Let us assume your using the RH-60... most 2A3's are run at 60 mils of plate current. so far so good.
firtst thing I notice is that our dcr is going to be a bit high.... the dcr of the RH-60 is 180 ohms. Relative to a 5K primary 180 ohms is quite respectable... about a .4 db insertion loss or thereabouts... but for a 2.5K primary the copper resistance is on the high side.... so our insertion losses will be greater... probably not the end of the world...inductance wise.... we are still energizing the same number of turns on the same size core with the same size air gap... so we will have 30 henries of primary L available.
Now... ratio'ing down.... this actaully sort of helps us... 30 henries at 30 hertz will have an inductive reactance of 5655 ohms... which is more than 2 times the 2500 ohm impedance reflected to the primary... so we will gain bottom end extension (i.e., we will get better bass)....

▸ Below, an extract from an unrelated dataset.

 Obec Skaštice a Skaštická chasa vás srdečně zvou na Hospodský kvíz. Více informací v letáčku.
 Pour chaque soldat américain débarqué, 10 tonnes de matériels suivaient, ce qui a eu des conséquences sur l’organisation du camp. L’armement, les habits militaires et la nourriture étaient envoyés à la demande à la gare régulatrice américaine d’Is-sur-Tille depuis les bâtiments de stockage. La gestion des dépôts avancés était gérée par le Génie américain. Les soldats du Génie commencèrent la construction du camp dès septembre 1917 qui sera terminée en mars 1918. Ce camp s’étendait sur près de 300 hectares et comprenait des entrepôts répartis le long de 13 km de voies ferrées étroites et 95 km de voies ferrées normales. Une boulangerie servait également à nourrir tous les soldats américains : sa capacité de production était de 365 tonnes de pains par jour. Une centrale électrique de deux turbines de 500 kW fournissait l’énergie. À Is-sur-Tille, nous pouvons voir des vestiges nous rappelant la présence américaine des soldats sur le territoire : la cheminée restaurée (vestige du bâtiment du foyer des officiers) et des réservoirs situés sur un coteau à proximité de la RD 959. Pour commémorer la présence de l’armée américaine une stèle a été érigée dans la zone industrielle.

if we calculate the phase angle of our load impedance... ratio'ing down to 2500 ohms will actually give us a moreso non-reactive effective impedance.... see our website for a discussion of phase angles as they relate to primary impedances.... but... make a long story short... we aren't getting hurt here...Now let's see what our power delivery capacities and capabilities are. Suppose our output power from the single 2A3 is 3.5 watts. Across 2500 ohms. therefore, our AC signal volts at full power will be 93.54 vrms.
Now... our airgap hasn't changed... it's fixed... but our ac flux would change. If we kept the same low frequency cut-off point as published for the RH-60 (45hz) then we would operate at considerably lower flux density then the design center of the RH-60 since it was rated for 10 watts output at 45 hertz.

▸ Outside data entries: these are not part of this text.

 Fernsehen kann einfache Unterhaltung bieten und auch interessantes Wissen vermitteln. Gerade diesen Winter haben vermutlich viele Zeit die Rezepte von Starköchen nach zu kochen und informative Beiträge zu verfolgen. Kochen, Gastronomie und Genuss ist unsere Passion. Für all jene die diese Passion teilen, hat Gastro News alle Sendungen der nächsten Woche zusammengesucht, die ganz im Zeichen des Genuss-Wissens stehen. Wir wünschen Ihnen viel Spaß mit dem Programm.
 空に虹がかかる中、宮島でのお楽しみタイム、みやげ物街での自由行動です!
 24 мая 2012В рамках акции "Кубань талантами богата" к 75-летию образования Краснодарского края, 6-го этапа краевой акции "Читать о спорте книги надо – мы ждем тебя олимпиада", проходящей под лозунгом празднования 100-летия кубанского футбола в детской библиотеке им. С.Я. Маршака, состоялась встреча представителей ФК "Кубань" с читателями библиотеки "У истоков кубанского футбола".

skipping through a few computer iterations in preparing an answer for you... allow me to get to the punch line....
with a 2500 ohm primary and 3.5 watt output and 60 mils of dc current... you would be able to deliver full power down to 20 hertz before hitting our pre-established maximum flux density limit... so, again, your in pretty good shape....
so...now we know the core is robust enough electrically to handle your intended full power down to 20 hertz in this modified application....
but... do we have sufficient inductance to go that low.... the -3db power low frequency limit is that point or juncture wherein the inductive reactance equals the reflected impedance. 30 henries at 14 hertz has an inductive reactance of 2639 ohms which is just a little higher than 2500 ohms. the inductive reactance of 30 henries at 143 hertz is about 2450 ohms... so we would say that our -3db point will be at 14 hertz....
so... in this case we will run out of magnetic headroom before we run out of "inductance"... in-other-words the allowable flux density limits us to delivering 3.5 watts at 20 hertz.
Not so bad... heh?
As a further study.... let's see if we get into trouble with temperature rise either in the copper circuit or in the core....the RH-60 if operated at it's published design center... has a coil temp rise of approx 16 degrees C and a 3 degree C rise in the iron....
your proposed modified operation of the RH-60... will result in a coil temperature rise of 13 degrees C and an iron temperature rise of 1 degree C.
so.... your not going to run into any problems here either.... but this is some of the stuff your should check in making these kinds of decisions...
Conclusion... unless I've missed something.... I stand corrected in my dire, dire warnings... the only penalty we've been able to identify in your proposed use/application is that your insertion losses are going to be a bit higher... and I'm too lazy to calculate this out.... but as an estimate I would say that your going to have around a .65 ot .7 (point six five to point seven) db insertion loss... if you can live with this.... it's a bit higher than I like to design at... you should be fine....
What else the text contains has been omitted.